### Data entries
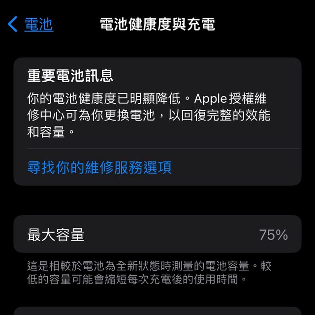 電池健康度75%
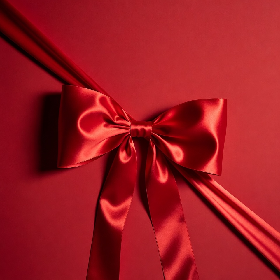 A large red satin bow sits prominently on a solid red background. Shiny ribbons drape from the bow, creating elegant folds and curves. The glossy fabric reflects light, emphasizing its luxurious texture.
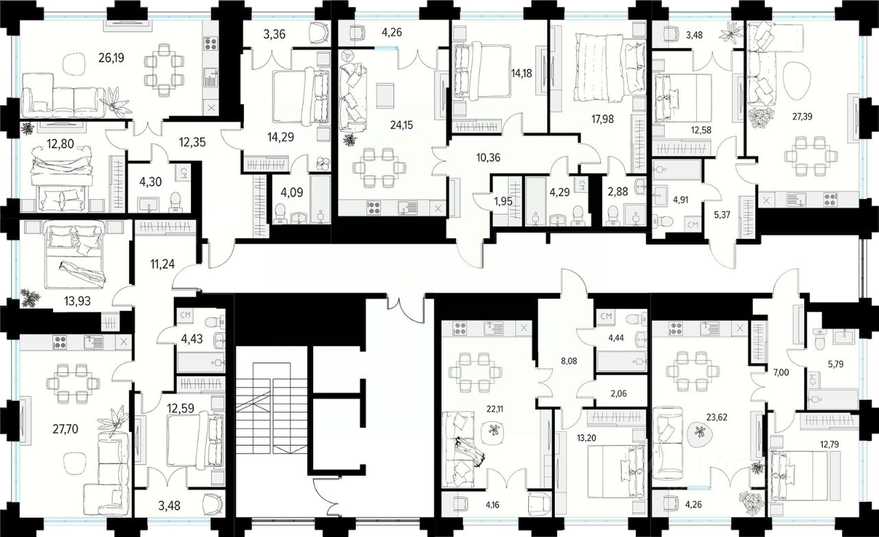 В 1 корпусе воплощается основная архитектурная концепция, сочетающая в себе стиль и функциональность.
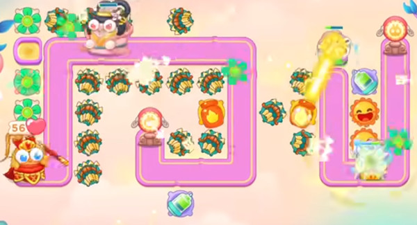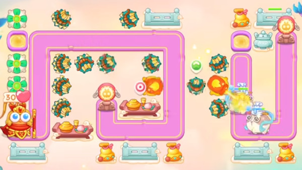 2.由于满级箭塔的散射,会先打掉左边的桃子障碍物,补一个箭塔。打掉酒壶之后锁定上面的栏杆障碍物。
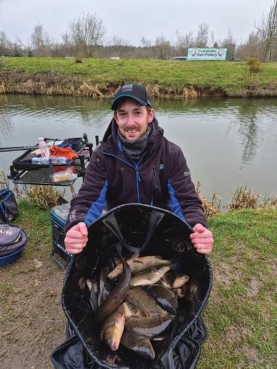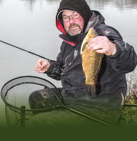 Liam Lunn visits Woodland Lakes andplays awaiting game to catch thevenue’s carp in thecold.
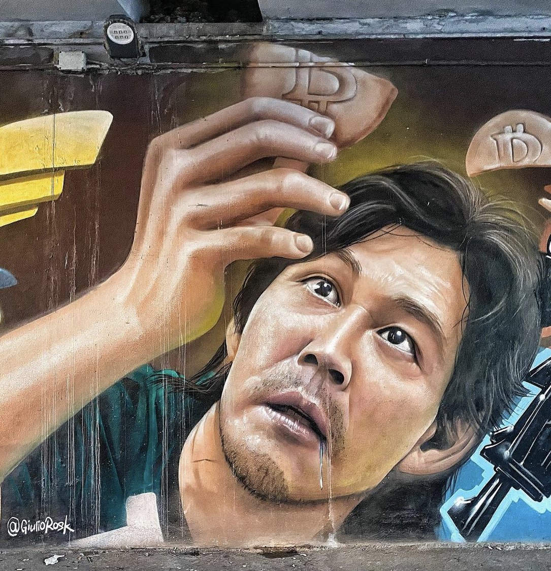 This wonderful piece of art by street artist Giulio Rosk is dedicated to the smashing, and also widely disturbing TV series Squide Game. The painting in Milan, Italy, shows lead character Seong Gi-hun, played by Lee Jung-jae, who is holding up a dalgona candy.
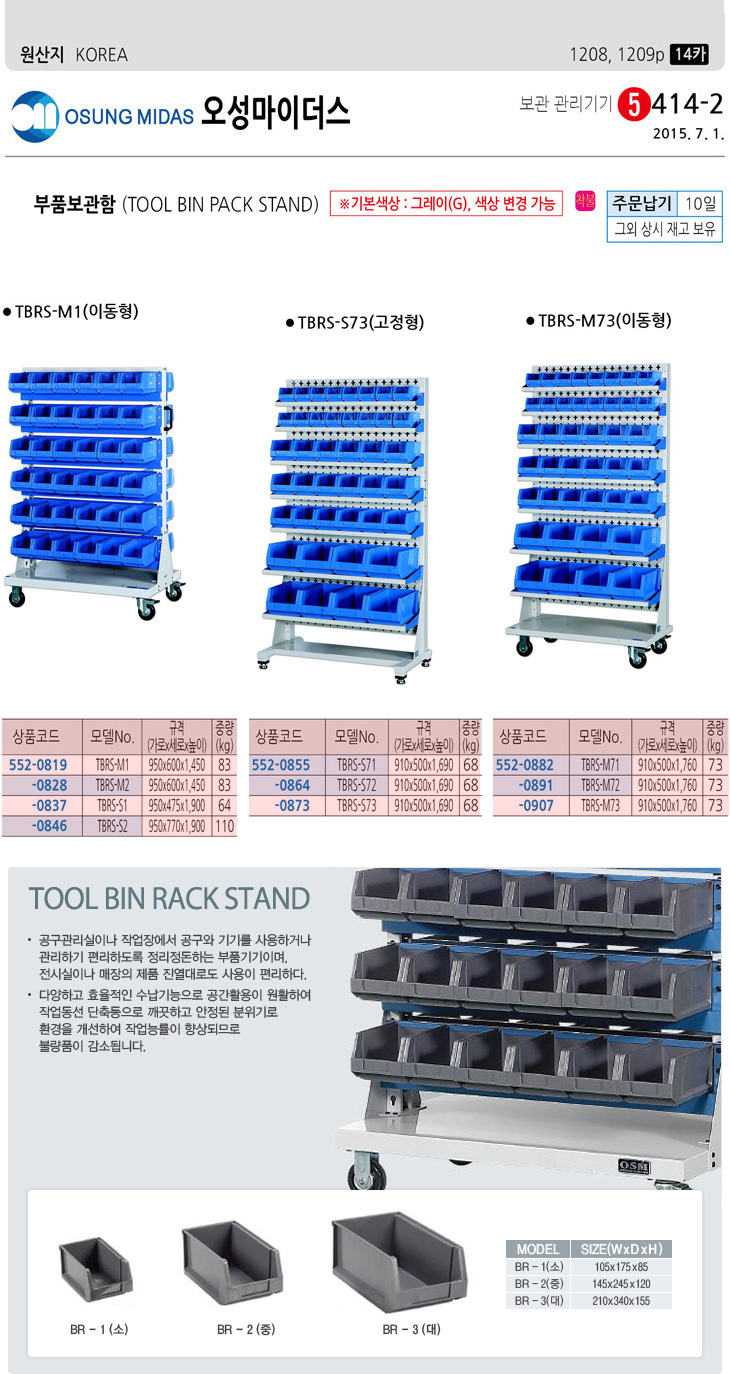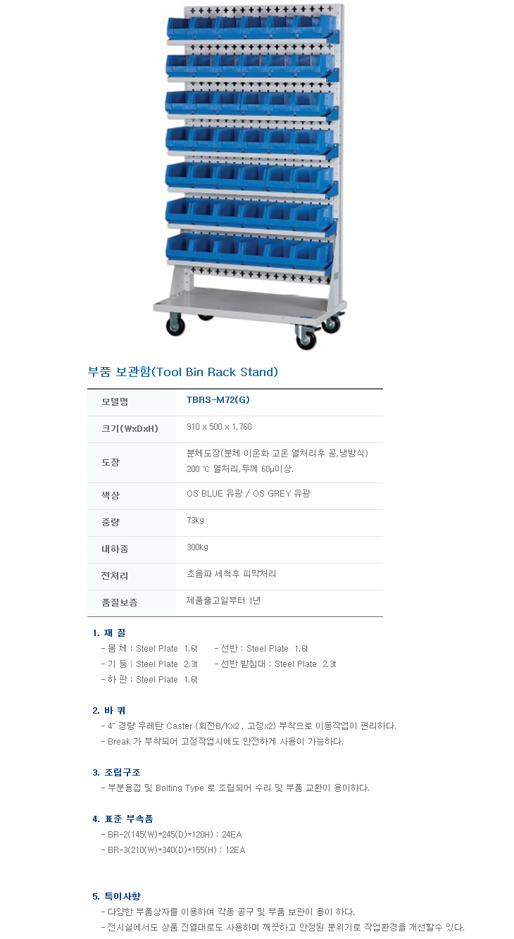 [¿À°ø] ºÎǰº¸°üÇÔ/ºÎǰº¸°ü¹Ú½º(TBRS-M72, 910x500x1760mm, À̵¿Çü)(Tool Bin Rack)
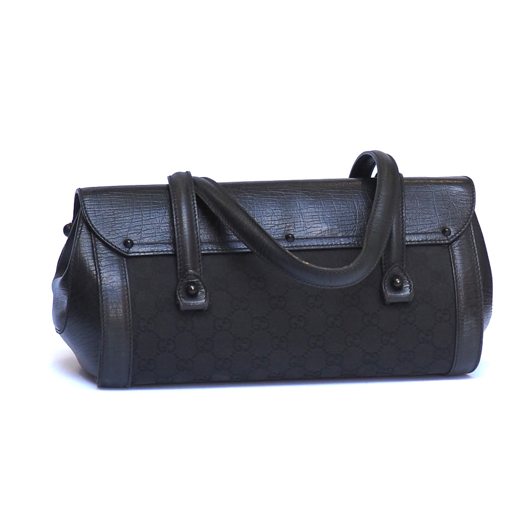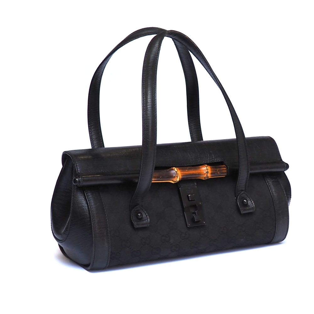 Borsa originale Gucci Bamboo in tessuto e pelle di colore nero modello Bullet; interno in tessuto nero con tasca piatta con zip.

### Problem details
Nothing but the lines from the start of the records through the line holding "Liam Lunn visits" should be printed, exactly as written and with the pictures left out.

### Response area
 電池健康度75%
 A large red satin bow sits prominently on a solid red background. Shiny ribbons drape from the bow, creating elegant folds and curves. The glossy fabric reflects light, emphasizing its luxurious texture.
 В 1 корпусе воплощается основная архитектурная концепция, сочетающая в себе стиль и функциональность.
 2.由于满级箭塔的散射,会先打掉左边的桃子障碍物,补一个箭塔。打掉酒壶之后锁定上面的栏杆障碍物。
 Liam Lunn visits Woodland Lakes andplays awaiting game to catch thevenue’s carp in thecold.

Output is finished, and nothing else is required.